Any and all abstractions. The cost is usually in all of the above.
Examples that I commonly encounter include OO, closures, dependency injection frameworks, complex configuration systems, various code generation systems, and on and on and on.
In general the tradeoff is this. For those who have internalized the abstraction, they can think about more complex things. Those who have not internalized the abstraction find it hard to figure out how the system works at all until they internalize it. So when you work on code that has a lot of abstractions under the hood it becomes either a black box (that occasionally you dig into) or (very often) a requirement that you understand X before you can even start to work on the code.
A rule of thumb that I use is how long the stack backtrace is. If every bug creates a stack backtrace that is dozens of frames, there are a lot of abstraction layers in place. And when all of the layers are actively being worked on, it adds up - quickly.
Deciding whether given abstractions are worthwhile for a given problem involves a judgment call. Unfortunately the people who are in the best position to make those calls tend to be the most senior, and tend to be the least aware of the costs of the abstractions that they add.
I would note that if you start your list with OO then you're including abstractions that almost all professional programmers would consider not abstractions but basic tools. It's impossible to work without such abstractions, except by working in purely procedural code, and even then...
I would add that if "a requirement that you understand X before you can even start to work on the code" is the case then your abstraction has - arguably, I may be wrong! - failed. My DOM iterator abstraction would take some effort of understanding to maintain, which was my concern, but it was a very simple black box to use.
A simple example of an abstraction for which this is not true is the MVC design. If you don't understand how it works, you don't know where to begin looking to make a change to the system.

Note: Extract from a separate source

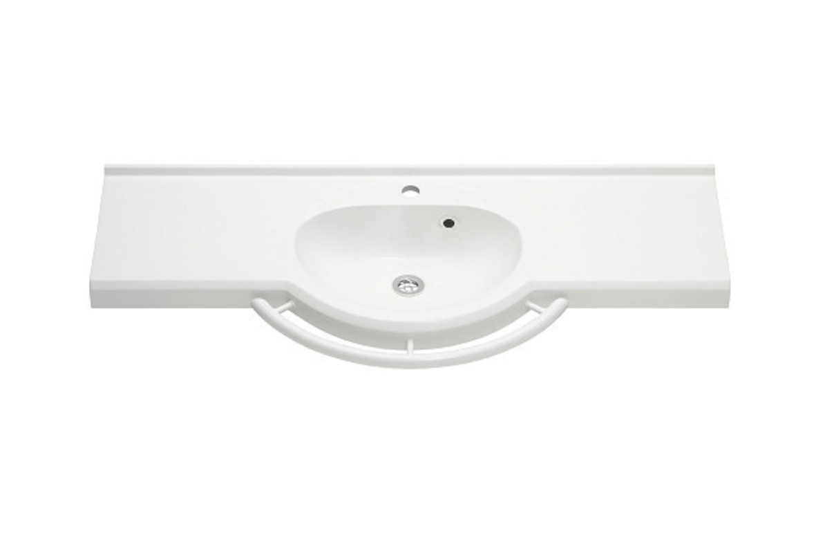 Gaius Senior Tvättställ, 1200mm, vit, rött stödhandtag är gjorda av slitstark gjutmarmor. Ytterligare kontrastfärger finns tillgängliga för stödhantaget

And yes, some abstractions truly are basic tools. And the more experience you have, the more basic they seem, and the more such tools you have.
I am not arguing against abstraction per se. What I am arguing is that abstractions bring a cost, and that cost adds up. A project needs to find an appropriate balance, and there is a tendency for experienced programmers to draw that balance at a point that may or may not be appropriate for the people who have to maintain the system after them.
Which is why what really matters in programming is "communities of shared abstractions."
This is part of what you get with a language, but it depends on the language. (We've seen Javascript users split into several such communities, I'd say).
Or it can be what you get with a framework -- one of the main values of Rails is that people who have learn it's abstractions can look at each other's code and understand it. This applies to third-party extensions to Rails that get especially popular too, like say Devise. (The downside is when those abstractions aren't good, and you want to use something else instead... now everybody finds your code difficult to understand).
When we talk about a language having a good stdlib, a lot of what we're talking about is providing a good set of abstractions that everyone will learn, making their code understandable as well as interoperable with other developers'. JS's lack of much of a stdlib may be not unrelated to JS schism into several communities of shared abstractions...
I don't think it's really about "minimizing abstractions", it's not even possible to do so -- it's about which abstractions how. The important point you make is that abstractions that are understood by a community of programmers, from which those who work on your code are likely to be from -- actually practically have less cost than abstractions that will be unfamiliar with them.
Replying to myself as I thought of an example from my own past which is relevant.
After discovering the eye-opening expressivity of functional programming years ago with Dylan and Haskell, I had a substantial project in javascript. I found JS supported first class closures and lambdas, which allowed me to make iterators.
The novelty was they were iterators not over lists but over trees (DOM trees in this case but of course any tree could be made iterable).
I understood there would be a learning cost for anyone who took over from me so I left plenty of docs and pointers. It would not be a small cost either, my successors would have to learn to think differently, at a higher level and possibly rather alien (to them) way.
But was it worth the cost, bloody hell yes! Not having that iterable and rather declarative abstraction over DOM trees would have greatly bloated the code and consequently brought in bugs by the bagful. I would do in a couple of lines what would have taken half a page to do, in many locations.
So it had a human cost but if you could overcome that, a seriously huge human benefit.
What happened was interesting and unexpected. I was building on top of an application (call it H) which had the DOM trees to manipulate, and JS to manipulate it with. I was reporting new bugs in H continuously, 1 or 2 every day.
Because of the abstractions I'd done (it wasn't only tree iterators) I could largely work around the bugs invisibly - I pushed the bug-special-case-handling code down to make it invisible when using my abstractions.
That made it all too viable to continue using an crappy, flaky product far longer than would have been possible - or sensible - without those abstractions. I'd turned the abstractions' value into a liability!
I finally told them it wasn't worth continuing with H, they junked it AFAIK and I walked away.
What abstractions?
What costs of these? In human comprehension, in runtime, in reliability, in mem/cpu?
Can you give examples which I can usefully learn so as to avoid?